Monday, June 23, 2025
HomeCookingJamie Oliver's Sausage Pappardelle – Leite's Culinaria

Jamie Oliver’s Sausage Pappardelle – Leite’s Culinaria


I consider that this the primary time, after testing recipes for a few years, that I truly doubled a recipe in order that there could be sufficient to feed the 2 of us.

I bought contemporary pappardelle at a neighborhood pasta store the place you should purchase, contemporary every day, pasta in bulk. I actually recognize that, as a result of I can purchase what I want, and never have small quantities of varied leftovers from prepackaged pasta that normally are available in one among 2 sizes, 10 ounce packages, or 1 pound packages. That being stated, within the case of this recipe, having somewhat bit extra, or much less, pappardelle is just not an issue, being that you could at all times alter the sauce elements a bit.

There have been 2 elements on this recipe that I used to be uncertain of, and truly wished that I may change. Being that it was a check recipe, I exercised some self-control, and solid forward, limiting myself to the recipe as written.

In the case of parsley, I’ve solely used the leaves of the plant. With cilantro, I do use the stems in addition to the leaves, however with parsley I at all times thought the stems to be powerful, and have by no means chopped them up and used them as you do right here. The stems had been a pleasant addition to the sauce, and I appreciated the thought that I used to be utilizing one thing that might have simply ended up within the compost bin.

The opposite ingredient that I silently wished to alter was maintaining the fennel seeds complete.
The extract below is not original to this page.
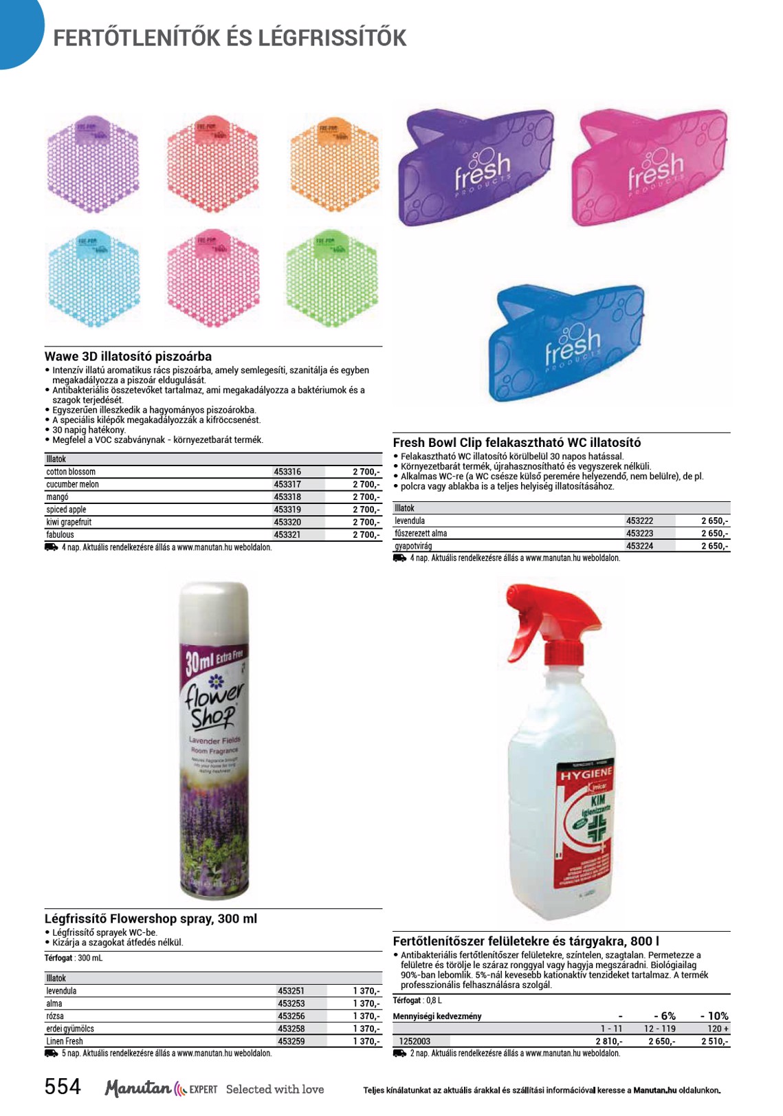 FERTŐTLENÍTŐK ÉS LÉGFRISSÍTŐK Wawe 3D illatosító piszoárba • Intenzív illatú aromatikus rács piszoárba, amely semlegesíti, szanitálja és egyben megakadályozza a piszoár eldugulását. • Antibakteriális összetevőket tartalmaz, ami megakadályozza a baktériumok és a szagok terjedését. • Egyszerűen illeszkedik a hagyományos piszoárokba. • A speciális kilépők megakadályozzák a kifröccsenést. • 30 napig hatékony. • Megfelel a VOC szabványnak - környezetbarát termék. Illatok cotton blossom 453316 cucumber melon 453317 mangó 453318 spiced apple 453319 kiwi grapefruit 453320 fabulous 453321 4 nap. Aktuális rendelkezésre állás a www.manutan.hu weboldalon. 2 700,- 2 700,- 2 700,- 2 700,- 2 700,- 2 700,- Fresh Bowl Clip felakasztható WC illatosító • Felakasztható WC illatosító körülbelül 30 napos hatással. • Környezetbarát termék, újrahasznosítható és vegyszerek nélküli. • Alkalmas WC-re (a WC csésze külső peremére helyezendő, nem belülre), de pl. • polcra vagy ablakba is a teljes helyiség illatosításához. Illatok levendula fűszerezett alma gyapotvirág 4 nap. Aktuális rendelkezésre állás a www.manutan.hu weboldalon. 453222 453223 453224 2 650,- 2 650,- 2 650,- Légfrissítő Flowershop spray, 300 ml • Légfrissítő sprayek WC-be. • Kizárja a szagokat átfedés nélkül. Térfogat : 300 mL Illatok levendula alma rózsa erdei gyümölcs Linen Fresh 5 nap. Aktuális rendelkezésre állás a www.manutan.hu weboldalon. 453251 453253 453256 453258 453259 554 1 370,- 1 370,- 1 370,- 1 370,- 1 370,- Fertőtlenítőszer felületekre és tárgyakra, 800 l • Antibakteriális fertőtlenítőszer felületekre, színtelen, szagtalan. Permetezze a felületre és törölje le száraz ronggyal vagy hagyja megszáradni. Biológiailag 90%-ban lebomlik. 5%-nál kevesebb kationaktív tenzideket tartalmaz. A termék professzionális felhasználásra szolgál. Térfogat : 0,8 L Mennyiségi kedvezmény - 1 - 11 1252003 2 810,- 2 nap. Aktuális rendelkezésre állás a www.manutan.hu weboldalon. - 6% 12 - 119 2 650,- - 10% 120 + 2 510,-

I like fennel seeds rather a lot, however have at all times toasted them in a small forged iron pan, after which floor them. When leaving them complete, they weren’t one thing to get caught in your tooth, however ended up being little pops of taste.

In each circumstances, I realized a brand new method, appreciated the outcomes of each, and can use each of them once more.

We had been serving a Napa Valley Zinfandel with this for dinner, so I truly used 1/3 C. of that dry Zinfandel for my purple wine within the dish.

I went to 4 shops, in search of passata, strained tomatoes, together with 2 locations the place I used to purchase jars of them. I couldn’t discover them, however they’re very simple to make, no must even search them out. I drained cans of diced tomatoes positioned the drained tomatoes within the meals processor, and pulsed them until I had a pleasant chunky sauce.

The completed dish made for a comforting, bistro-style bowl of pasta. It was very simple to throw collectively, and one thing I can see making once more, particularly if I’ve a bunch of parsley that I want to discover a use for. We loved a inexperienced salad with skinny slices of purple onion and cubed beets with this dish.